Using AWS encryption services, Voatz adopted a verifiability protocol so that each voter could verify cryptographically and mathematically that their vote had been counted. Voatz used Amazon Simple Queue Service (Amazon SQS), a fully managed message-queuing service, to handle the encrypted data. “Ahead of the election, we hadn’t used Amazon SQS to improve the performance of ballot encryption and tabulation,” says Sawhney. “But the documentation was incredibly clear, and we were able to implement it within a couple of months without needing a major re-architecture of our core solution.”
Following its defense-in-depth strategy and using the combination of AWS services, Voatz detected and mitigated 28 million malicious actions—including a 50 Gbps DDoS attempt—throughout the federal elections. The company also used queuing architecture to reduce vote-tallying time from 18 hours to 21 minutes, helping process encrypted data at a national scale. Moreover, Voatz can maintain its full functionality while saving 80 percent on costs. “Elections don’t happen frequently,” says Sawhney. “Traditional infrastructure incurs costs all year round, but using AWS scalable infrastructure, we pay for resources only when we need them.”

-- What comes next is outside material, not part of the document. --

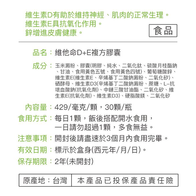 品名:維他命D+E複方膠囊(30錠x10罐,共300錠)

Outcome | Continuing Process Automation and Cost Optimization
In Mexico’s 2024 federal election, the turnout of overseas voters increased by more than 50 percent compared with the previous federal election, and Mexico elected its first female president. Now, Voatz is focused on automating more of the process for handling paper ballots, which still make up the majority of voting. “Mail-in ballots often arrive mutilated and need to be manually reproduced, which is hugely time-consuming,” says Sawhney. Election officials can save up to 80 percent of ballot correction time by implementing Amazon Rekognition, which companies use to automate and lower the cost of image recognition and video analysis with machine learning.
“It’s simple to scale our solution using AWS,” says Sawhney. “Having the expertise of the AWS team was invaluable in setting up the right parameters.”
It’s simple to scale our solution using AWS. Having the expertise of the AWS team was invaluable in setting up the right parameters.